<gildor>
(and for god sake, don't include bundled libraries that continue to live elsewhere)
<thelema>
looks like the bits I'm interested in are GPL. maybe I can get a different License
<thelema>
gildor: would you consider this code as living?
<gildor>
e.g. camlimages, camlzip, configwin, cryptgps, facile, labgl, lablgtk
<thelema>
of course, I won't repeat that mistake.
<gildor>
thelema: if it is just the code, in extlib, just go on
<thelema>
wow, specialized code for float arrays...
<thelema>
It looks like I need to make a benchmark for reading files - I can't figure out why I keep seeing [filename -> string] code that uses a resizing buffer to store chunks of data
<thelema>
plus, what's the optimal buffer size for ext3? Wouldn't it be 4K?

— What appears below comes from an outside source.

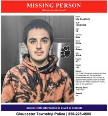 On 10/21/2025, at approximately 4:22 a.m. Lily “Zade” Dougherty (10/08/2009) was reported missing. Zade left his residence located in Sicklerville and was last seen entering an Uber at the corner of Bluestone and Mullen Dr in Sicklerville. His clothing description is unknown. Zade is approximately 5’7″ in height and 150 pounds in weight. He has black hair and green eyes. His last known whereabouts were on 10/21/2025, at approximately 3:26 a.m. in Camden City near the Hilton Garden Inn in the area of the waterfront.

mnabil has quit [Read error: Operation timed out]
<gildor>
I don't think buffer size is a big issue
<gildor>
thelema: ^^^
<thelema>
There's only one way to tell
<gildor>
thelema: I have tried with various buffer size (direct file access) and didn't get a really improved throughput
<thelema>
using Science!
<thelema>
true, it's probably not a huge deal, as the CPU load is much smaller than the drive access time
<gildor>
and 4k buffer can give you almost 130MB/s on a RAID array
<thelema>
sure. but I keep seeing 1K buffers
<thelema>
and bitstring uses 16K buffers
<gildor>
give us you benchmark results when you are done
<thelema>
of course
<thelema>
once I finish my more urgent task for the day
<mrvn>
Non threaded, lacking the enter/leave_blocking_mode() around the pread.
<thelema>
no threads in my test
<mrvn>
I assumed
<thelema>
#includes?
<thelema>
well, it turns out that a lot of time *is* saved by checking the size of the file and reading exactly that much. what a surprise. http://pastebin.com/T6NG3ncn
<thelema>
mrvn: and what type is` buffer`?
joewilliams is now known as joewilliams_away
bitbckt_ has joined #ocaml
mnabil_ has joined #ocaml
eye-scuzzy has joined #ocaml
<mrvn>
I should polish the bigarray io functions for inclusion in batteries
sepp2k1 has quit [Ping timeout: 255 seconds]
_2x2l has quit [Ping timeout: 255 seconds]
mnabil has quit [Ping timeout: 265 seconds]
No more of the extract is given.